Has anyone tried the ASL (Auto Sound Levelizer) function? It suppose to compensate for road noise and increase internal volume the faster you go. I guess the simplest test to see how it works would be to drive at constant speed with closed windows and then open the window to increase the noise level and see if the unit would also increase the volume to maintain the same loudness. 

Also does the unit use the internally build microphone for this feature or do you have to attach either calibration or phone mike for it to work?


----------



## jbowers (May 3, 2009)

Jurek said:


> Has anyone tried the ASL (Auto Sound Levelizer) function? It suppose to compensate for road noise and increase internal volume the faster you go. I guess the simplest test to see how it works would be to drive at constant speed with closed windows and then open the window to increase the noise level and see if the unit would also increase the volume to maintain the same loudness.


I've tried it, it produces a pretty jarringly noticeable jump in volume that doesn't seem proportionate to the level of road noise. I leave it off and grab the volume knob instead. 



Jurek said:


> Also does the unit use the internally build microphone for this feature or do you have to attach either calibration or phone mike for it to work?




I'm not positive, but I'm assuming they use the hands-free mic for this feature.


----------



## StockA4 (Aug 26, 2011)

I've been through 5 head units in 4 months. Three of which were Eclipse 8051, 8053, 8062, and the last one was a Sony Mobile ES. I actually liked the Sony, but the processor that mated up to it went out on me, and the deck by itself doesn't have enough features for me to want to keep messing with it.
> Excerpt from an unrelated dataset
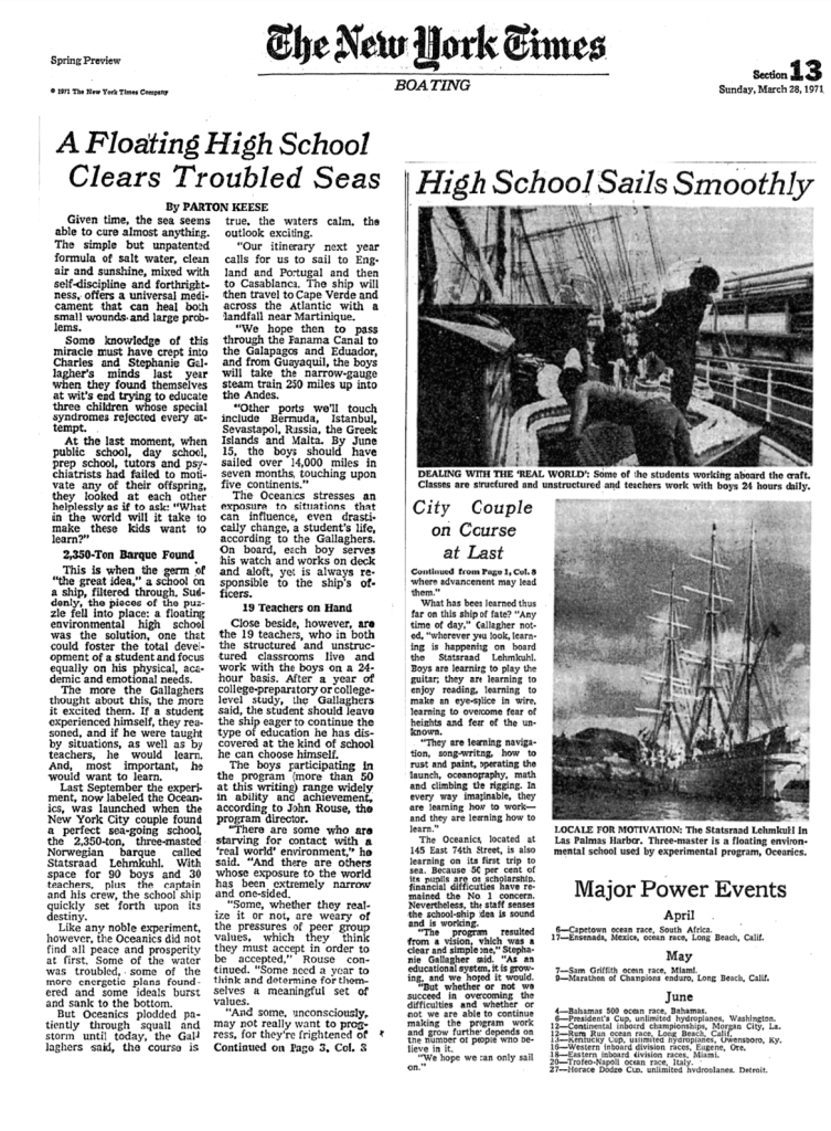 New York Times article after the first year of the Oceanics School.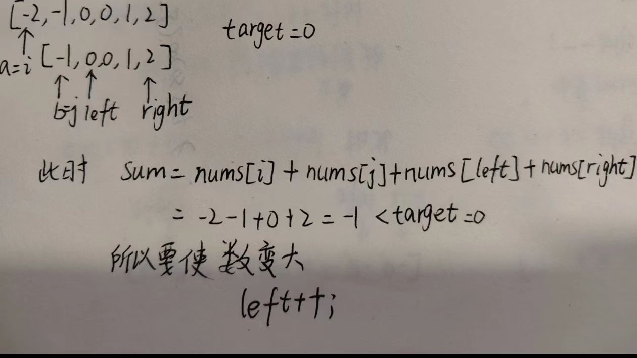 2.在a后面的区间内利用"三数之和"找到三个数,使这三个数等于target-a即可,而"三数之和"过程就是依次固定一个数b;在b后面的区间内,利用"双指针"找到两个数,使这两个数的和等于target-a-b即可.

But the Eclipse units sounded mechanical and I didn't like the tuner in either of them. So I finally decided to pull the trigger on something new this morning and got this Pioneer.
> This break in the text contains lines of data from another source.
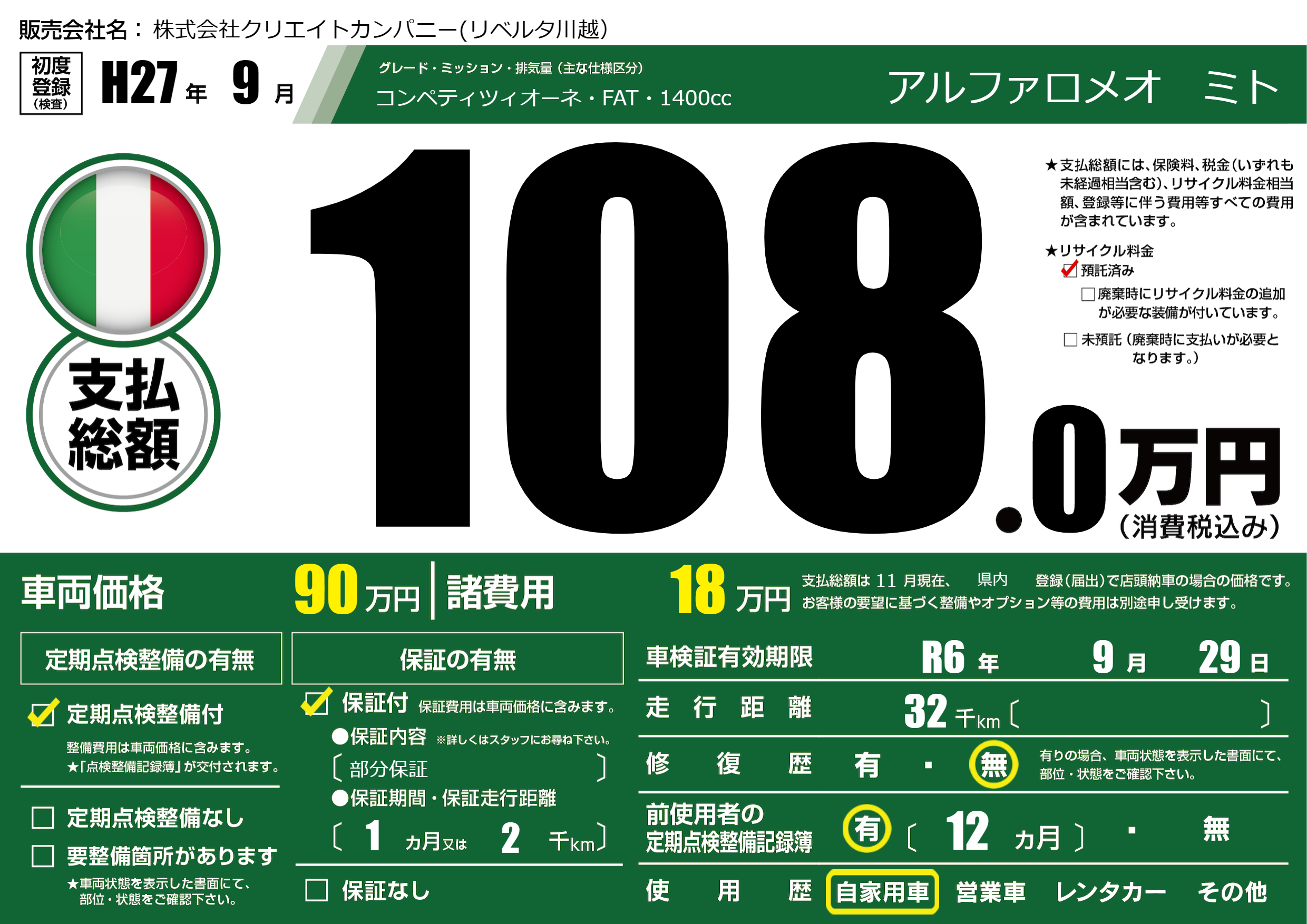 | 車名 | アルファロメオ ミト | グレード ミッション 排気量 |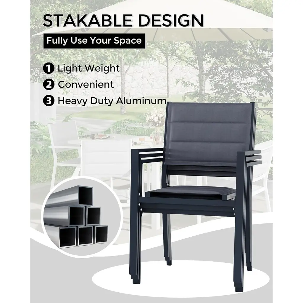 CHIC STYLE: Our outdoor patio chairs have a sleek and modern design that adds a touch of elegance to any outdoor setting and enhances the overall look of your patio or garden. SPACE-SAVING DESIGN: Stackable chairs are easy to store and conveniently free up space on your patio or deck when not in use, perfect for tight outdoor areas. DURABLE CONSTRUCTION: Our stackable patio chairs are made of high-quality rust-resistant aluminum, which can withstand all weather conditions and is suitable for year-round outdoor use. VERSATILE USE: Perfect for a variety of occasions, whether it's a backyard barbecue, a family gathering, or a quiet evening outdoors, our stackable patio chairs can easily accommodate all your seating needs. EASY INSTALLATION: Detailed instructions are included inside the box of this product and detailed numbering of each part for convenience and simplicity, enabling you to complete the installation with ease.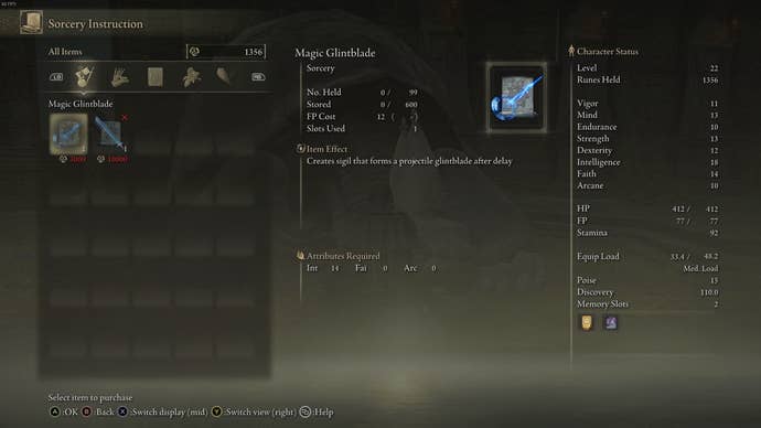 যখন তার কথোপকথনটি শেষ হয়ে যায়, তখন আপনি তার কাছ থেকে 3000 রুনের জন্য ম্যাজিক গ্লিন্টব্লেড স্পেল এবং 10,000 টি রুনের জন্য কেরিয়ান গ্রেটসওয়ার্ড স্পেল কিনতে পারেন.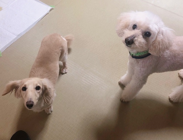 このあと、トイプーちゃんはいつもの”ストレッチなでなで”、ダックスちゃんは兄弟たちと一緒に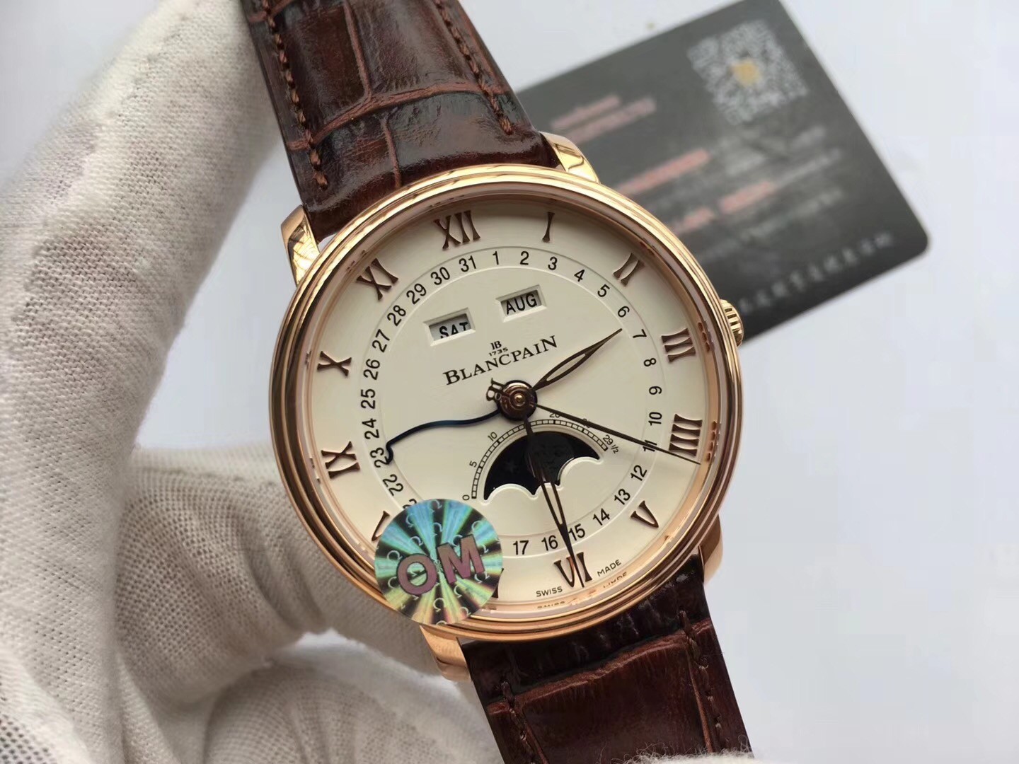 News Release: Major Breakthrough in the Counterfeit Watch Industry. OM Factory New Product Preview: Blancpain Villeret Classic Series 6654 with Moon Phase Display. This is the highest-end watch on the market. Developed over 20 months, this watch features a custom-made 6654 movement, featuring authentic date, day, month, and moon phase displays. Its functionality and appearance are identical to the original. 40mm diameter.

I'm wondering if there's any way to bypass the internal amp on these? I'm not a competitor, I just really like the idea of dead heads. Or would the gains be negligible?

Thanks.


----------



## beef316 (Dec 12, 2006)

The internal amp can be bypassed. I think it is in the system menu. With deck off hold down volume and navigate through menu. Should be straight forward.
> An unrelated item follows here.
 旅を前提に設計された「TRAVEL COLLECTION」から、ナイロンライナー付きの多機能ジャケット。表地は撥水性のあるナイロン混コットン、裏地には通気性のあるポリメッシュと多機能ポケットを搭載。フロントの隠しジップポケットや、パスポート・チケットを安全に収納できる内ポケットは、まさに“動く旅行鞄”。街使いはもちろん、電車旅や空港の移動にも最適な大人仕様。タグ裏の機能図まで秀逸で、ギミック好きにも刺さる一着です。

Tapatalk owns my productivity.


----------



## jriggs (Jun 14, 2011)

Yep. You can turn off the internal amp.


----------



## StockA4 (Aug 26, 2011)

Sweet! Thanks so much. I've made quite a few purchases within the last year. But I think I'm most excited about this one!


----------



## akbungle (Sep 13, 2012)

Sorry for the silly question but does anyone know if you can set up the display to always have track details (or RDS info for radio) as well as the clock? This is a big deal for me as my wife always wants to see a clock and I always want to see what's currently playing. It's so bad that the Kenwood KDC-X696 I just put in a few months back may need to come back out along with the possibility for better SQ, SD card slot, and two USB on the back brings me to look at this unit.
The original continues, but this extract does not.